**Task data:**
┏━━

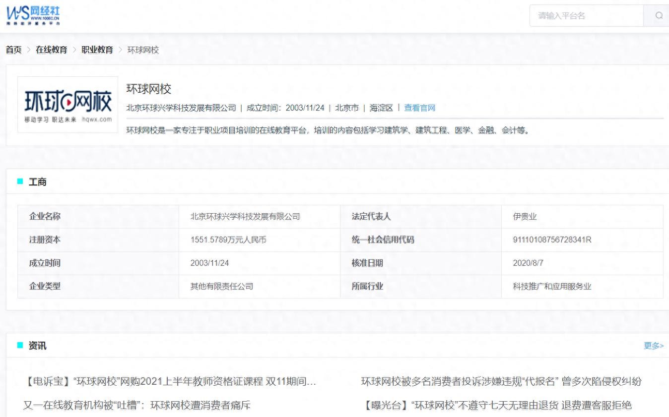 据网经社“企业库”了解,“环球网校”隶属于北京环球兴学科技发展有限公司,伊贵业为公司法定代表人,是一家专注于职业项目培训的在线教育平台,培训的内容包括学习建筑学、建筑工程、医学、金融、会计等。
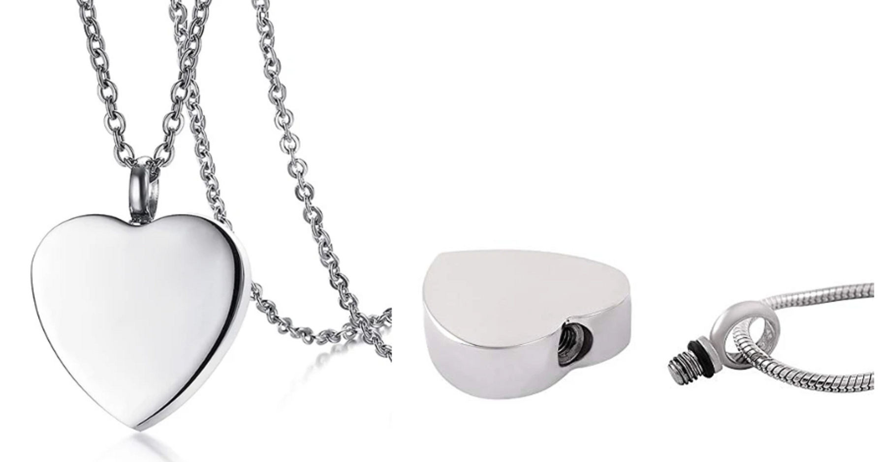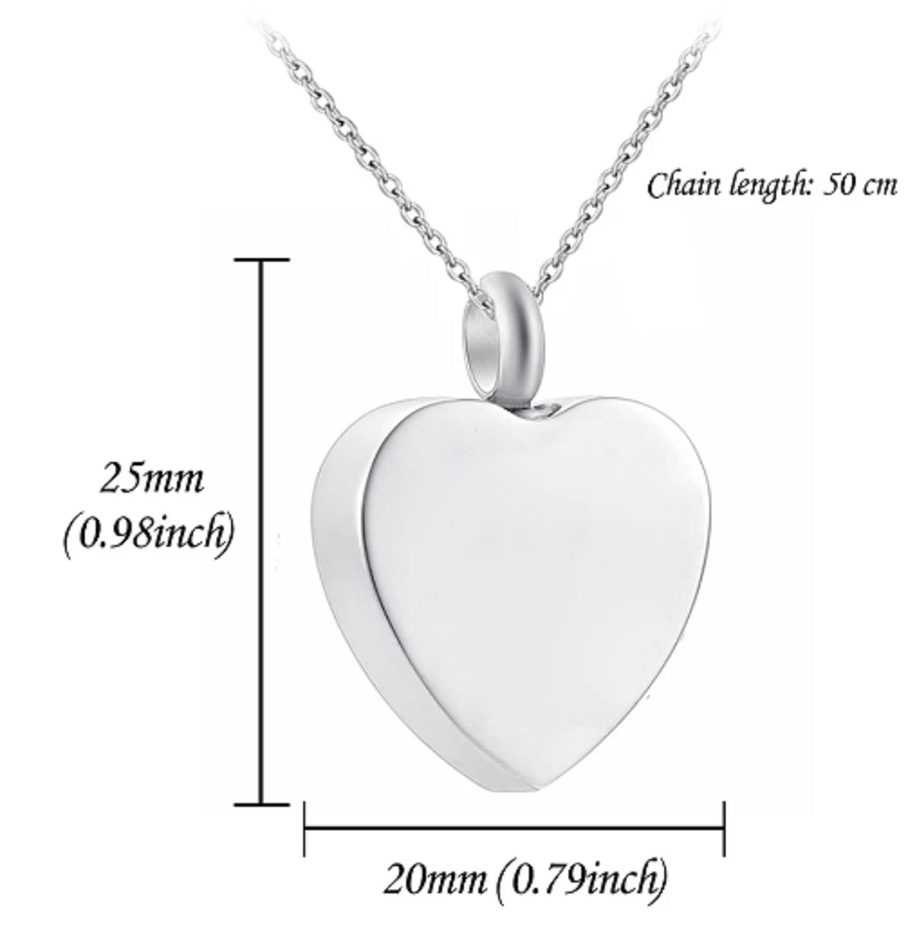 Description Commemorative urn pendant, Heart matt waterproof, Stainless steel 25 x 20 mm + chain 50 cm
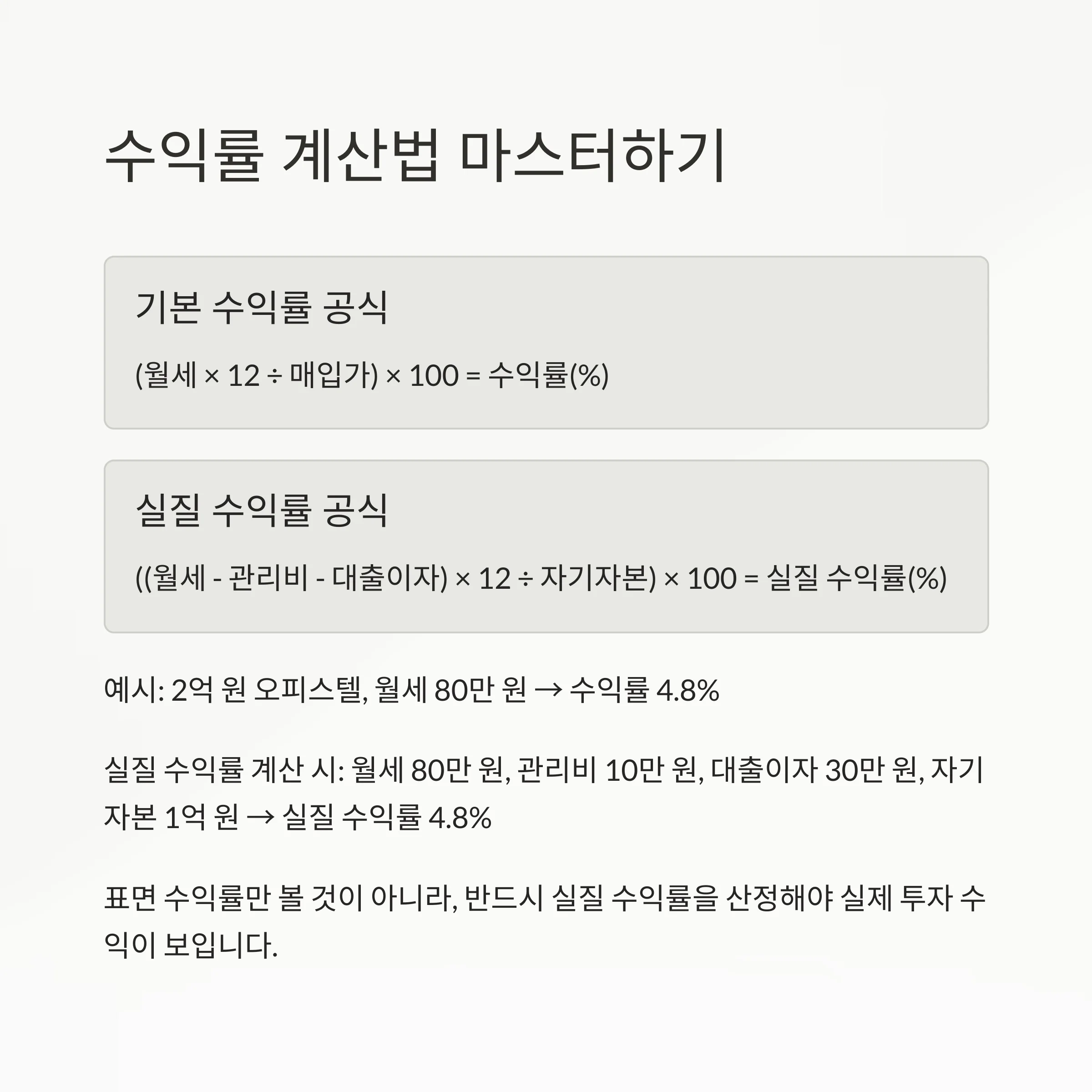 오피스텔 투자 시 가장 먼저 체크해야 할 것은 연 수익률 공식입니다. 아래 예시를 통해 실제 수익률 계산이 어떻게 이루어지는지 살펴보겠습니다.
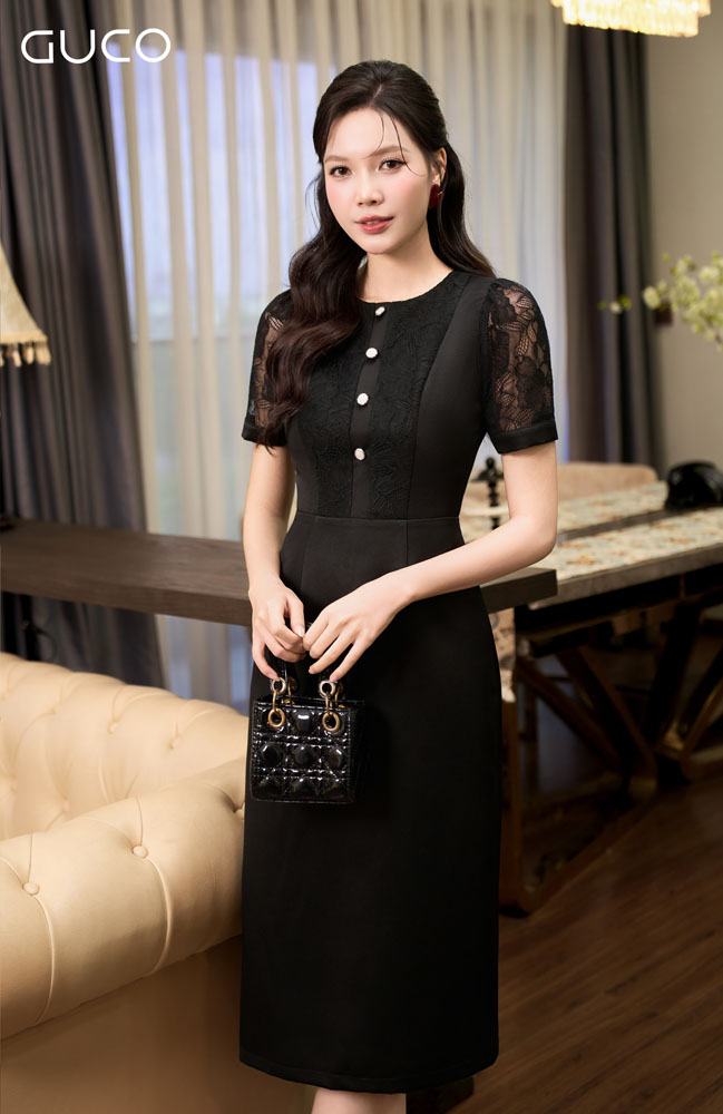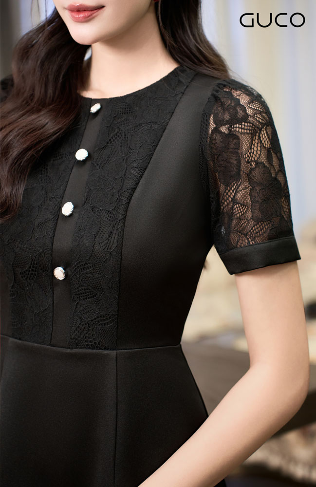 Đầm Dự Tiệc Phối Ren Đính Nút - Đen - 5016
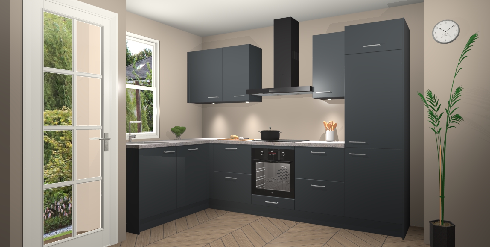 Bent u op zoek naar een strakke, moderne hoekkeuken die uw huis oppept en een moderne uitstraling geeft? Kijk dan niet verder dan de onyxgrijze keuken Beijing. Deze verbluffende hoekkeuken tilt hedendaags design naar een hoger niveau. Qua stijl is deze chique hoekkeuken voorzien van onyxgrijze accenten, om een strakke maar opvallende look te creëren. De binnenkant van de kasten is afgewerkt in dezelfde prachtige onyxgrijze kleur voor extra esthetische aantrekkingskracht.

┗━━

**What you are asked to do:** Give every entry again verbatim, with no pictures.

**Task solution:**
 据网经社“企业库”了解,“环球网校”隶属于北京环球兴学科技发展有限公司,伊贵业为公司法定代表人,是一家专注于职业项目培训的在线教育平台,培训的内容包括学习建筑学、建筑工程、医学、金融、会计等。
 Description Commemorative urn pendant, Heart matt waterproof, Stainless steel 25 x 20 mm + chain 50 cm
 오피스텔 투자 시 가장 먼저 체크해야 할 것은 연 수익률 공식입니다. 아래 예시를 통해 실제 수익률 계산이 어떻게 이루어지는지 살펴보겠습니다.
 Đầm Dự Tiệc Phối Ren Đính Nút - Đen - 5016
 Bent u op zoek naar een strakke, moderne hoekkeuken die uw huis oppept en een moderne uitstraling geeft? Kijk dan niet verder dan de onyxgrijze keuken Beijing. Deze verbluffende hoekkeuken tilt hedendaags design naar een hoger niveau. Qua stijl is deze chique hoekkeuken voorzien van onyxgrijze accenten, om een strakke maar opvallende look te creëren. De binnenkant van de kasten is afgewerkt in dezelfde prachtige onyxgrijze kleur voor extra esthetische aantrekkingskracht.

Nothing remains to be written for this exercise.